MA- from your description, I would guess never been... I have only been to one gay bar once, it is considered one of the "tamest" gay bars in southern cali (hot female gogo dancers)... and it was, in my opinion, outrageously flamboyant... entertaining, and worth the visit, but if one were homophobic, it would have been a nightmare! On the otherhand... if you've ever been to a rave... pretty much the same thing.


----------



## Kephart P.E. (May 18, 2009)

I don't see what the real problem is, I have only been to 1 or 2 in my life, but for the most part not a lot different than any other bar and I was with my girlfriend, so it wasn't like a bunch of dude prop. me anyway.

Plus it was one of the few times anyone has actually bought *me* drinks!


----------



## Dleg (May 18, 2009)

I've only ever been to gay bars out here, which are mostly Filipino and islander, and although they can be pretty flamboyant, I didn't see much PDA and they all left me alone. Which was either a case of their superior gaydar, or an devastatingly insulting statement regarding my attractiveness.....

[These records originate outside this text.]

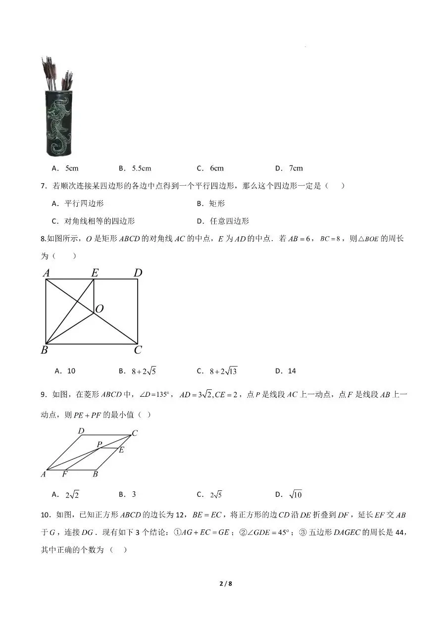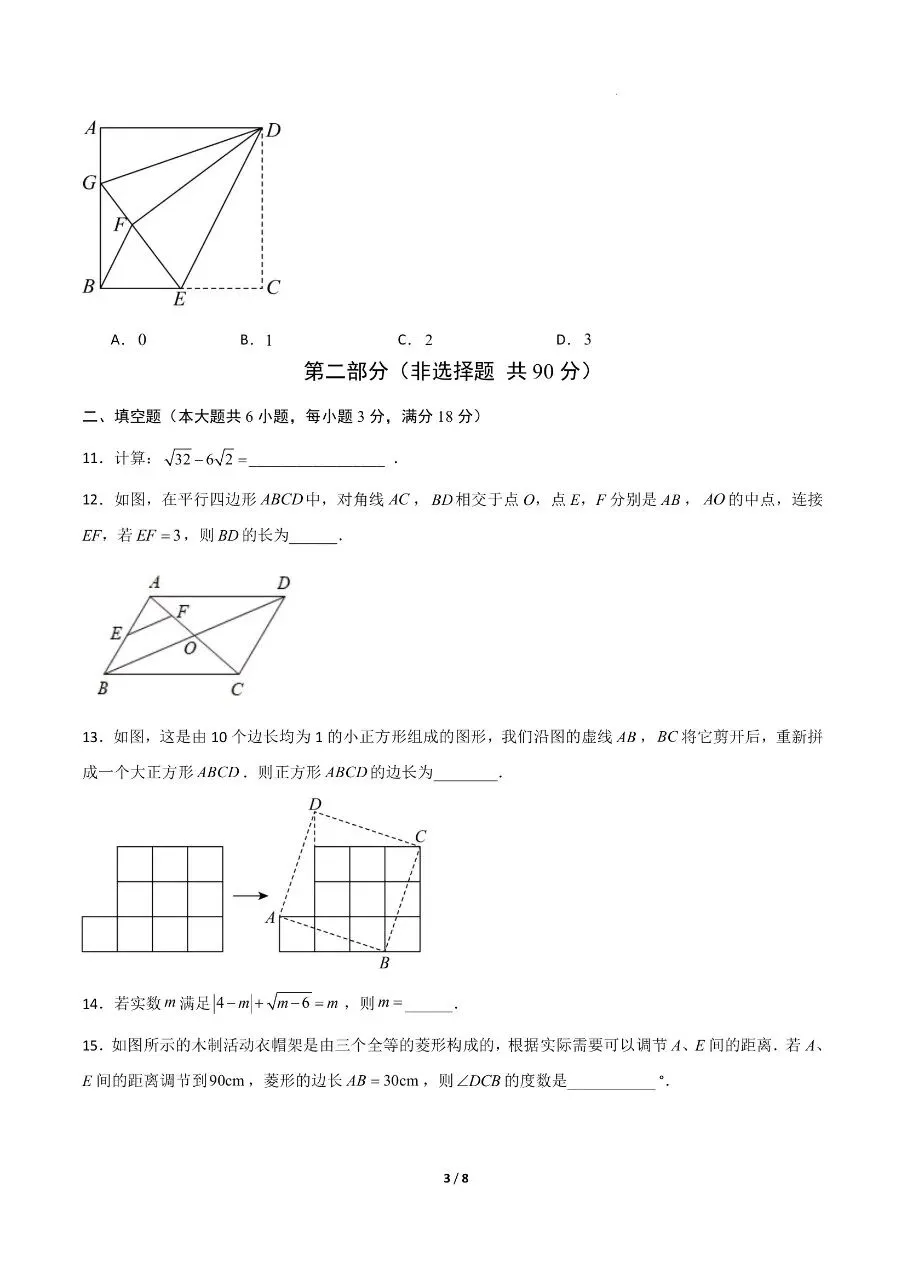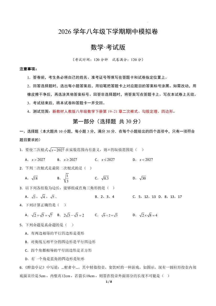 满分120分、时长120分钟,考查范围为二次根式、勾股定理、四边形三大章节。试卷含选择、填空、解答三类题型,重点考查根式运算、直角三角形判定、平行四边形/矩形/菱形/正方形性质与折叠、动点最值、几何证明,压轴题综合坐标系与正方形变换,附完整详细解析。
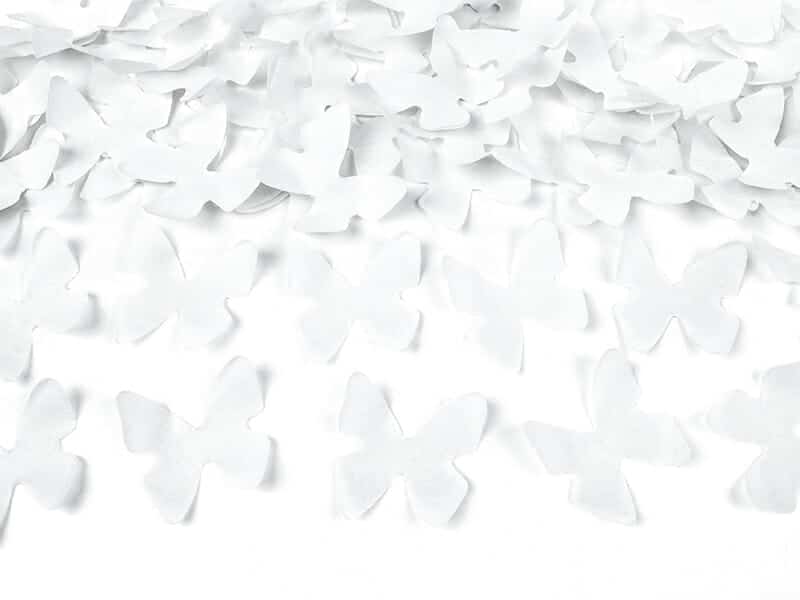 Confetti cannon shooting out white butterflies, length 40 centimiters.
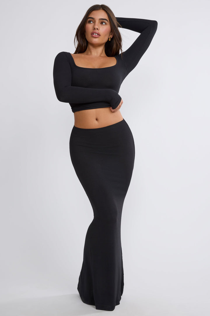 Siyah Fitilli Modal Mid Bel Maxi Etek
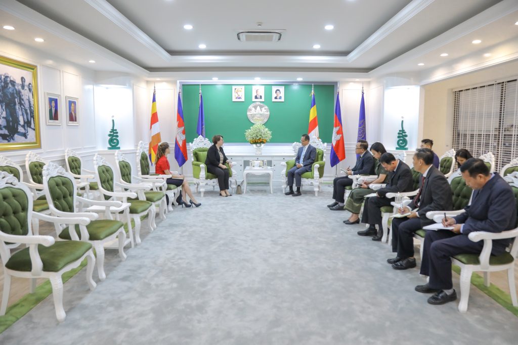 ភ្នំពេញ៖ លោកជំទាវ Ulku Kocaefe ឯកអគ្គរដ្ឋទូតសាធារណរដ្ឋតួគី បានជម្រាបជូនឯកឧត្តមបណ្ឌិត អ៊ាង សុផល្លែត រដ្ឋមន្រ្តីក្រសួងបរិស្ថានថា ទួគីត្រៀមខ្លួនជាស្រេចដើម្បីសហការជាមួយកម្ពុជា លើកិច្ចការបរិស្ថានក្នុងតំបន់ ក៏ដូចជានៅថ្នាក់អន្តរជាតិ។ តួគីគឺជាសមាជិកសហភាពអឺរ៉ុប ដែលបានបង្កើតកិច្ចព្រមព្រៀងបៃតង(GREEN DEAL) ដែលផ្តោតជាសំខាន់លើការឆ្លើយតបនឹងការប្រែប្រួលអាកាសធាតុ ការគ្រប់គ្រងសំណល់ និងការអភិរក្សជីវៈចម្រុះ។ ការថ្លែងឡើងរបស់លោកជំទាវឯកអគ្គរដ្ឋទូតសាធារណរដ្ឋតួគី គឺធ្វើឡើងក្នុងជំនួបសម្តែងការគួរសម និងពិភាក្សាការងារជាមួយឯកឧត្តមរដ្ឋមន្រ្តីក្រសួងបរិស្ថាន នៅរសៀលថ្ងៃចន្ទ ទី០២ តុលា ឆ្នាំ២០២៣ នាទីស្តីការក្រសួង ។
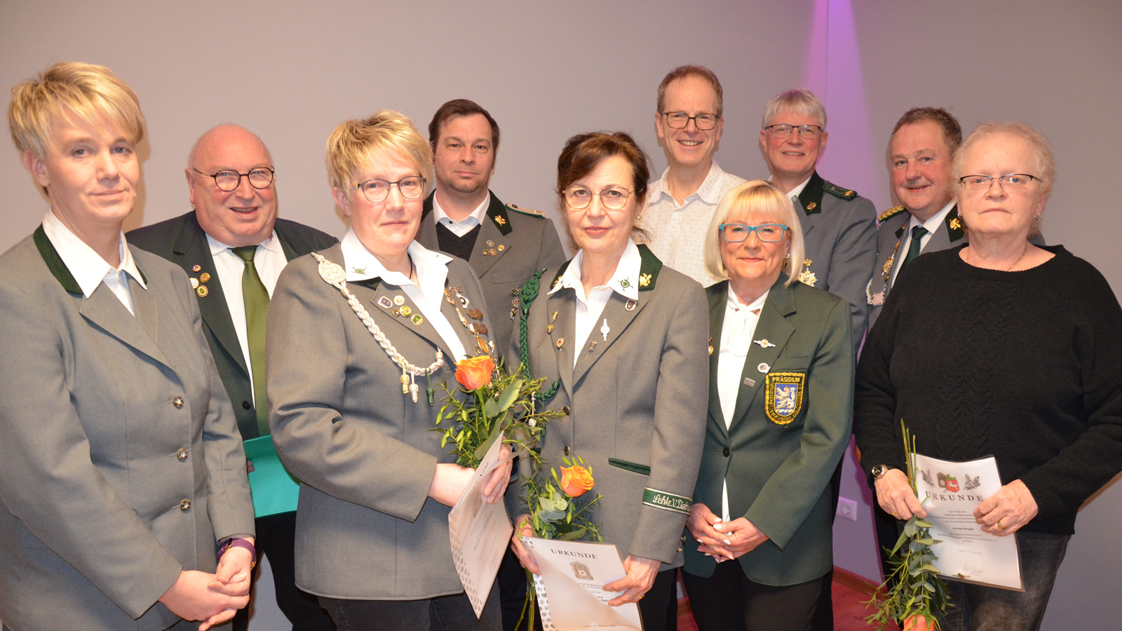 Ein weiterer Höhepunkt der Versammlung waren die Ehrungen langjähriger Mitglieder. Vorsitzender Carsten Jakob und stellvertretende Vorsitzende Stefanie Gutacker nahmen diese gemeinsam mit dem Kreisschützenverband Holzminden vor, der durch Ehrenmitglied Bernd Schwarzer und Geschäftsführerin Liane Hampel vertreten war.

I say go. It will be good for you to see something like that. I never knew too many gays before I lived here and ended up being around one guy in particular on our local running club, who turned out to be one of the funniest people I ever met. He then would drag big groups of us straight folks (men and women) to the gay bars with him occasionally. It certainly improved my outlook, which is crucial considering my son's pre-school teacher dresses up as a woman on the weekends. That probably would have bothered me before.....


----------



## Guest (May 19, 2009)

Dleg said:


> I say go. It will be good for you to see something like that. I never knew too many gays before I lived here and ended up being around one guy in particular on our local running club, who turned out to be one of the funniest people I ever met. He then would drag big groups of us straight folks (men and women) to the gay bars with him occasionally. It certainly improved my outlook, which is crucial considering my son's pre-school teacher dresses up as a woman on the weekends. That probably would have bothered me before.....


+1

Unless there are some other reasons for why you wouldn't want to go - I just wouldn't use the 'gay bar' as the reason not to go.

JR


----------



## MA_PE (May 19, 2009)

> they all left me alone. Which was either a case of their superior gaydar, or an devastatingly insulting statement regarding my attractiveness.....


:Locolaugh:

I think you hit the nail on the head...RG is afraid of rejection.


----------



## maryannette (May 19, 2009)

I'm just glad I don't go out to bars anymore.


----------



## Slugger926 (May 19, 2009)

Supe said:


> X2. I've been in gay bars when I was in college (had some lady friends with gay best friends, so got drug along), and nobody even said a peep to me. Not so much as a blip on the gaydar, they're pretty good at knowing who is and who isn't.


I had been drug into one in the earlier days. It was down the street from the other bars. The gals loved it for the dance music and lack of freaks hitting on them. The place was loaded with straight women.


----------



## DVINNY (May 19, 2009)

Mary :) said:


> I'm just glad I don't go out to bars anymore.


DITTO.


----------



## csb (May 19, 2009)

I bet you've been into a Victoria's Secret before too, but it doesn't mean you need a bra. You'll be fine.


----------



## Sschell (May 19, 2009)

Slugger926 said:


> I had been drug into one in the earlier days.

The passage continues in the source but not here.